— Джек Потрошитель?!
— Он самый, святой отец. Только зачем же так грубо? Я ведь не мясник. Я сделал все так, как приказал мне Хозяин. А это целое искусство!
— Кто приказал тебе? Кто твой хозяин?!
— А вы как думаете, святой отец? Вы должны его знать.
И я понял, о ком он говорит. Ужас охватил меня и в то же время — непреодолимое искушение взглянуть в лицо врагу рода человеческого. Я нагнулся к окошку, разделявшему нас. В лицо мне брызнул пучок тонких серых щупалец. Они опутали мою голову: одни лезли в уши и ноздри, причиняя дикую боль, другие пытались выдавить глаза и пролезть сквозь сомкнутые челюсти в рот, третьи холодным кольцом сжимали шею. Я терял сознание от боли и удушья, душа моя была охвачена невыносимым ужасом. Ад шел по земле!
И тогда меня постигло озарение. Я вспомнил все и понял, что происходит: Сила, избравшая Троммеля своим проводником, играла на поле моей памяти. Поняв это, я усилием воли разрушил кошмар и перешел на следующий уровень.
Я лежал в зловонной луже, истекая гноем и сукровицей, на металлическом полу моей камеры, изнемогая от адской боли и моля Господа о смерти. Но смерть забыла меня.

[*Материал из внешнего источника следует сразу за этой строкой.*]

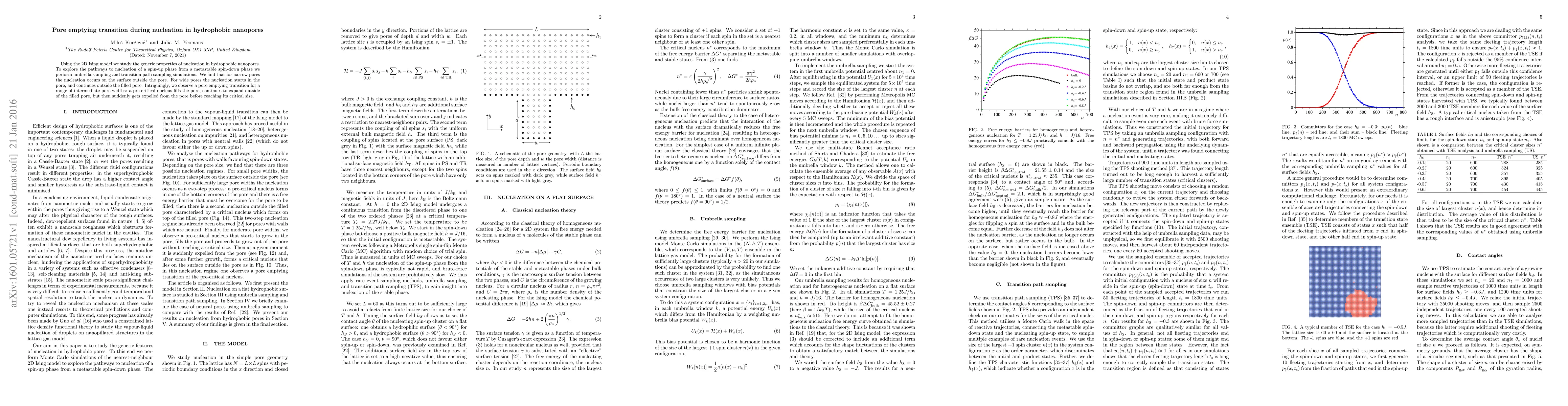 This paper investigates nucleation behavior in hydrophobic nanopores using the 2D Ising model and simulation techniques. It finds that nucleation occurs on the surface for narrow pores and within the pore for wide pores, but for intermediate pore widths, a unique pore emptying transition occurs where a pre-critical nucleus forms, expands outside the pore, and is expelled before reaching critical size.

Открылась тяжелая дверь и вошел человек. Раньше я не видел его. Он был без защитного костюма, в новенькой форме СС. Лицо вошедшего перекосила омерзительная усмешка:
— Привет, Светлячок.
Так прозвали меня мои палачи. В темноте я действительно испускал тусклое зеленоватое сияние — это светилась моя кровь, насыщенная радиоактивными изотопами. Атомный огонь пожирал мою плоть. Экспериментаторов интересовало, сколько я проживу. Они даже делали ставки. Каждый день кто-нибудь проигрывал.
Человек подошел ко мне и пнул сапогом:
— Ты можешь говорить?
— Да, — прохрипел я и удивился: этот звук не было похож на человеческий голос.
— Хорошо, — вновь усмехнулся он. — Поговорим. Но сначала…
Он небрежно взмахнул рукой, и камера моя преобразилась: стены и потолок разошлись куда-то вдаль, все переменилось. Теперь я лежал на полу в каменном подземелье, освещенном багровым светом факелов. Кругом происходило какое-то движение, слышались звуки шагов, шелест одежды и гул голосов. Рядом с человеком в эсэсовской форме появились три ведьмы в полупрозрачных одеяниях. Повинуясь движению его руки, они подошли ко мне и, вонзив свои острые зубки в мое разлагающееся тело, стали отсасывать радиоактивную кровь — так, во всяком случае, мне казалось. Боль уходила, я чувствовал невыразимое облегчение. Раны стремительно заживали, силы возвращались ко мне. Через пару минут я уже смог встать.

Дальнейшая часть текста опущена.